I wasn't getting the right response back from the server (I was unsure of what I actually needed to POST to satisfy it) so didn't know if I was even on the right track...

That's where Corion came in again... he suggested:

Corion 2006-02-08 08:04:46-05 serf: Consider using ethereal, HTTP Live Headers (FireFox Plugin) or my module, Sniffer::HTTP to see the POST requests generated. Then you can either replicate these requests in your Perl code or use my module..
Corion 2006-02-08 08:08:32-05 serf: Your goal is to post exactly the same as FireFox. At least until you find out what headers are relevant and that the URLs and content have the right values
Corion 2006-02-08 08:14:55-05 serf: I'd dump the headers/requests as they get generated from your browser vs. your Perl script and then try to make the Perl requests as similar as possible to the browser requests.

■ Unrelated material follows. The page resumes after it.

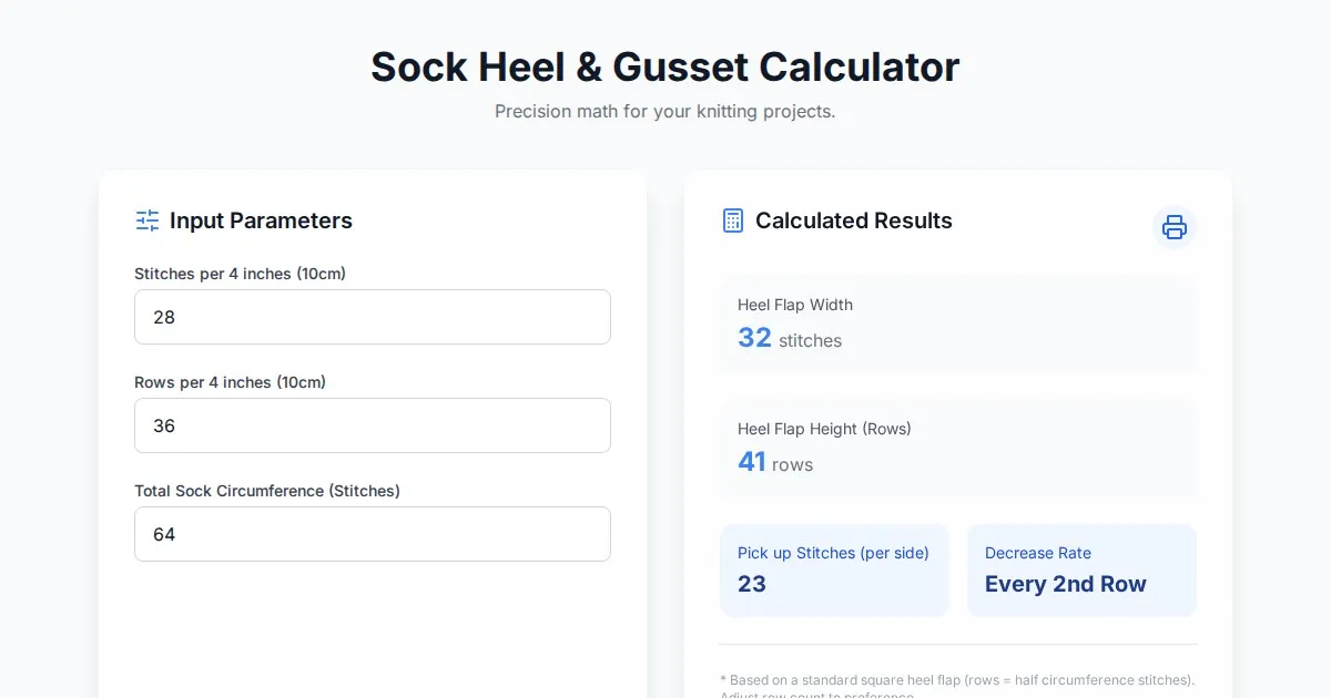 Use this free knitting calculator to determine sock heel flap row counts and gusset decrease math. Simple, precise, and fast calculations for your socks.

Well I'd played with ethereal the night before, had found it a bit confusing and not very nice to read the data in - because it displayed it as a hex dump + ascii broken into blocks - although you *can* save the transactions to a file.

I ended up deciding that it was easiest to go back to my long-time aquaintance tcpdump and google up the appropriate syntax to drive it (can never remember the switches for the damn thing!) and pipe that straight into a file. I found this worked:

tcpdump -A -s 65535 -i eth0 -l host $MY_IP and host $REMOTE >sniff.txt

Which gave me pretty much what I needed.

I piped the output from FireFox and my script into two seperate files, then looked at the files side-by-side and found that the string I was sending needed to have much more in it. I also clicked that the values in the %form hash would probably end up as that long & seperated line that was sent in the post.

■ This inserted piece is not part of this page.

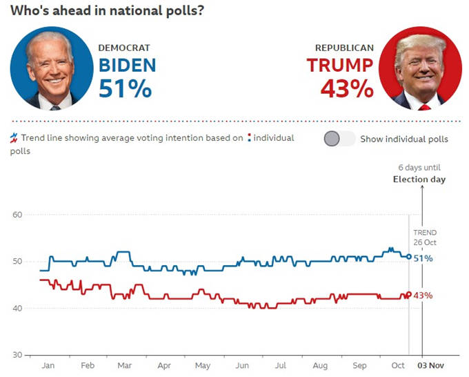 无独有偶,英国广播公司给出的民意调查结果显示,拜登在今年年初至今的支持率大部分时间都维持在50%以上,最新值为51%;特朗普至今的支持率大部分时间维持在50%以下,最新值为43% 。可以看出,BBC和金融时报一样,都认为拜登击败特朗普并当选美国总统已经是板上钉钉的事情。毕竟,特朗普执政的四年里,在国际社会四处树敌,先是和欧洲各国关系搞僵,之后与亚太各国进行激烈的贸易摩擦,最后在新冠肺炎疫情冲击之下,让全美24万民众丧生。这些负面政绩,不得不让人唏嘘。(BBC数据见下图)

(By the way, HTTP Live Headers was AWESOME for showing me this :o) - it's the cleanest and tidiest way to see what Firefox is sending - but doesn't let you watch the Perl script of course!)

The bit that I needed in (I've broken the 'goToMenu=' line with a few newlines and space so it wraps nicely here - it is all on one line) was this:

Content-Length: 262 goToMenu=&filefolder=&jumpList=&folder=INBOX&movefolder=&command= &mid=5095286849&index=0&doNewSort=&doDelete=&doEmpty=&doMove= &doSpam=&sort=date&sortdir=0 &midseq=5096143440.5096113306.5095988201.5095286849 &isSearch=0&showDraft=0&filefolder2=&jumpList2=

and with a few commands in vim I was able to nicely massage the line into a hash:

:.s/^/my %form = (^M " :.s/=/" => "/g :.s/&/",^M "/g :.s/$/"^M);

giving me:

my %form = ( "goToMenu" => "", "filefolder" => "", "jumpList" => "", "folder" => "INBOX", "movefolder" => "", "command" => "", "mid" => "5095286849", "index" => "0", "doNewSort" => "", "doDelete" => "", "doEmpty" => "", "doMove" => "", "doSpam" => "", "sort" => "date", "sortdir" => "0", "midseq" => "5096143440.5096113306.5095988201.5095286849", "isSearch" => "0", "showDraft" => "0", "filefolder2" => "", "jumpList2" => "" );

I was then able to go through and hash out key=>value pairs (testing the POST each time to make sure that I hadn't broken it) until I'd found the bare minimum that I needed for it to still work:

my %form = ( # "goToMenu" => "", # "filefolder" => "", # "jumpList" => "", "folder" => "INBOX", # "movefolder" => "", # "command" => "", "mid" => "5095286849", # "index" => "0", # "doNewSort" => "", # "doDelete" => "", # "doEmpty" => "", # "doMove" => "", # "doSpam" => "", # "sort" => "date", # "sortdir" => "0", # "midseq" => "5096143440.5096113306.5095988201.5095286849", # "isSearch" => "0", # "showDraft" => "0", # "filefolder2" => "", # "jumpList2" => "" )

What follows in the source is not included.